Segundo a análise da Agência, o mercado corporativo tornou-se a nova arena competitiva. Como prova, seis em cada dez clientes empresariais já preferem ofertas integradas de conectividade e nuvem .

O 5G ganha velocidade

O Brasil encerrou o trimestre com 271,3 milhões de acessos móveis , número que reflete um crescimento anual moderado de 3% e confirma que o mercado entrou em um estágio de maturidade em volume.

O relatório indica que a expansão atual decorre da migração tecnológica e de uma melhor monetização da base existente.

Em particular, as conexões 5G atingiram 61,2 milhões , com um aumento anual de 39,7%, impulsionado principalmente por usuários que abandonaram o 4G e migraram para a nova tecnologia.
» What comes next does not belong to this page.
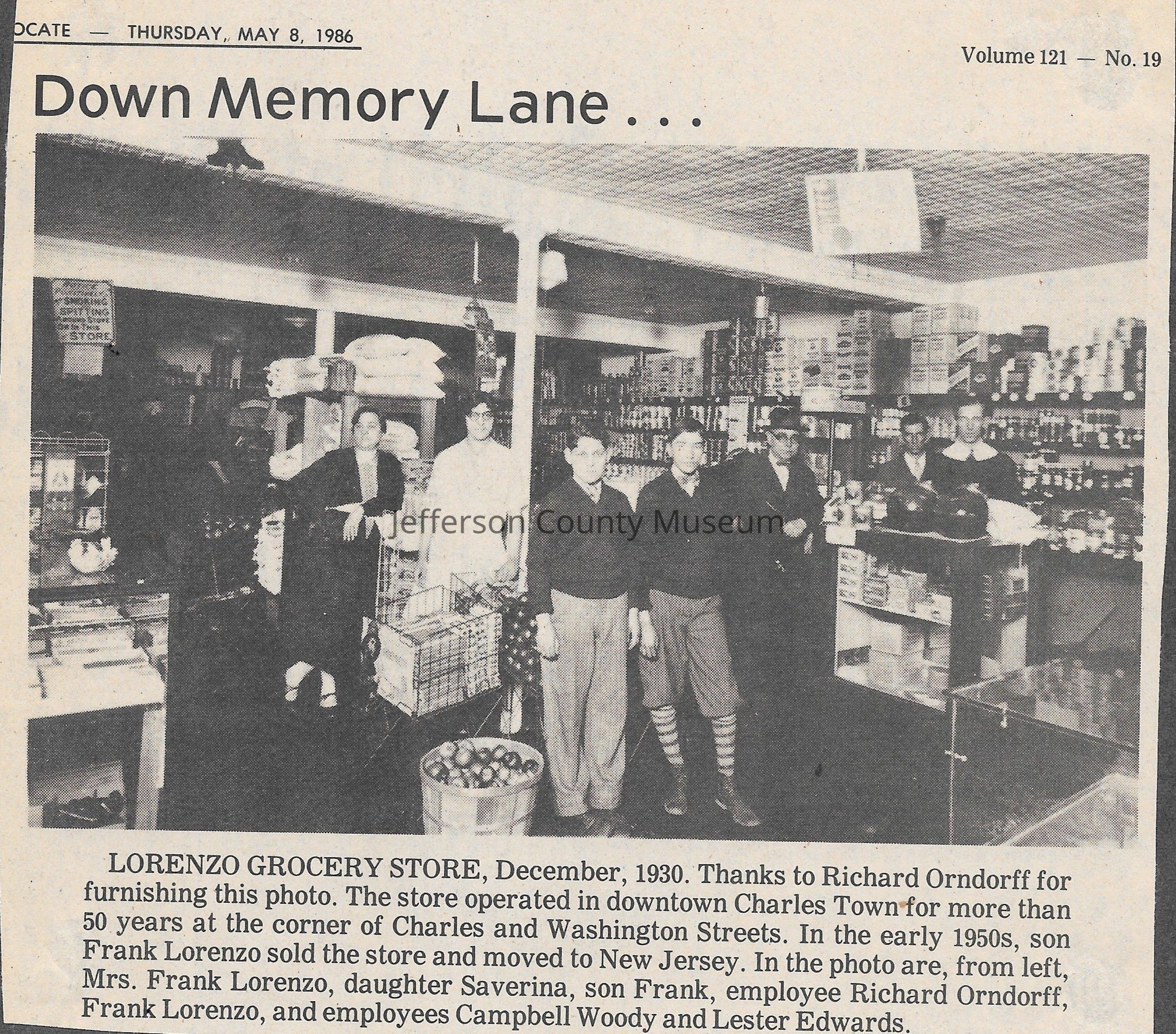 IMG3908064: Lorenzo Grocery Store, located at the corner of Charles and Washington Streets in Charles Town, December 1930. From left: Mrs. Frank Lorenzo; Saverina Lorenzo, daughter of Mr. and Mrs. Frank Lorenzo; Frank Lorenzo, son of Mr. and Mrs. Frank Lorenzo; Richard Orndorff, employee; Frank Lorenzo; Campbell Woody, employee; Lester Edwards, employee.

Ao mesmo tempo, o segmento pós-pago já representa 65,5% do total, o que fortalece as receitas das operadoras sem a necessidade de adicionar um grande volume de novas linhas.

No entanto, o relatório alerta que a estrutura competitiva permanece concentrada. O Índice Herfindahl-Hirschman (HHI), usado para medir a saúde da concorrência, foi de 0,3077 no primeiro trimestre, mostrando que o mercado de dispositivos móveis continua sendo dominado por três grandes empresas .

Fibra resistente, mercado fragmentado

O cenário é diferente no segmento de banda larga fixa . Nesse segmento, o índice HHI situa-se em 0,0696, refletindo uma estrutura muito mais descentralizada . O Brasil registrou 54,6 milhões de conexões de banda larga fixa, sendo a fibra óptica a tecnologia dominante, com 43,25 milhões de conexões.

Os operadores de menor porte detêm 57,3% do mercado, embora o trimestre também tenha apresentado sinais de arrefecimento, com uma redução líquida de 0,7 milhão de acessos. Isso sugere que o segmento está entrando em uma fase mais madura, onde o crescimento orgânico está perdendo força e a consolidação está ganhando importância.

Nesse contexto, o relatório identifica a compra da Desktop pela Claro por 2,4 bilhões de reais como um sinal inicial de uma nova rodada de aquisições estratégicas.

O OTT está substituindo os modelos tradicionais.

O relatório também confirma que uma parcela significativa do valor digital está migrando do setor tradicional de telecomunicações. As plataformas OTT representam 90,5% do acesso a conteúdo audiovisual; em contrapartida, a televisão por assinatura continua perdendo espaço.

Algo semelhante está acontecendo com os serviços de voz. Alguns aplicativos, como o WhatsApp e o Telegram, mantêm uma participação de mercado superior a 54% e estão gradualmente substituindo a telefonia tradicional como principal canal de comunicação.

MVNOs, espectro e satélites

Outra descoberta importante do relatório é que o mercado de operadoras móveis virtuais (MVNOs) também está ganhando escala. As MVNOs cresceram de 1,4 milhão de conexões em 2021 para 9,84 milhões em 2026 , impulsionadas por ofertas focadas em nichos específicos. Datora e Surf Telecom estão entre os players mais dinâmicos desse mercado.

Entretanto, o próximo leilão da faixa de 700 MHz e a atividade na faixa de frequência de 3,5 GHz estão revitalizando o mercado secundário de espectro. Segundo a Anatel, isso será fundamental para a futura expansão das redes móveis.